FIG. 1 depicts an isometric view of an exemplary embodiment of a container according to the present invention;
FIG. 2 depicts a side view of an exemplary embodiment of a container according to the present invention;
FIG. 3 depicts a longitudinal view of an exemplary embodiment of a flexible panel according to the present invention;
FIG. 4 depicts a detailed longitudinal view of an exemplary embodiment of a flexible panel according to the present invention;
FIG. 5 depicts a side view of an exemplary embodiment of a flexible panel according to the present invention; and
FIG. 6 depicts a side view of an exemplary embodiment of a flexible panel according to the present invention.
 1. Field of the Invention
 The present invention generally relates to a pressure-adjustable container, and more particularly to such containers that are typically made of polyester and are capable of being filled with hot liquid. It also relates to an improved sidewall construction for such containers.
 2. Related Art
 The use of blow molded plastic containers for packaging “hot fill” substances is well known. However, a container that is used for hot fill applications is subject to additional mechanical stresses on the container that result in the container being more likely to fail during storage or handling. For example, it has been found that the thin sidewalls of the container deform or collapse as the container is being filled with hot fluids. In addition, the rigidity of the container decreases immediately after the hot fill liquid is introduced into the container. As the liquid cools, the liquid shrinks in volume which, in turn, produces a negative pressure or vacuum in the container. The container must be able to withstand such changes in pressure without failure.

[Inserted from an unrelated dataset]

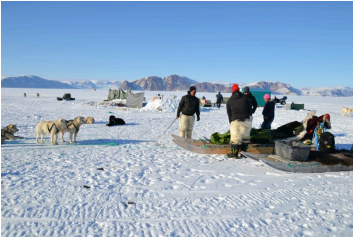
Isfiskeri ved Qeqertat

Begge er erfarne formidlere og facilitatorer af forandrings- og læreprocesser.

 Hot fill containers typically comprise substantially rectangular vacuum panels that are designed to collapse inwardly after the container has been filled with hot liquid. However, the inward flexing of the panels caused by the hot fill vacuum creates high stress points at the top and bottom edges of the panels, especially at the upper and lower comers of the panels. These stress points weaken the portions of the sidewall near the edges of the panels, allowing the sidewall to collapse inwardly during handling of the container or when containers are stacked together. See, for example, U.S. Pat. No. 5,337,909.
 “Hot fill” applications impose significant and complex mechanical stress on a container structure due to thermal stress, hydraulic pressure upon filling and immediately after capping, and vacuum pressure as the fluid cools.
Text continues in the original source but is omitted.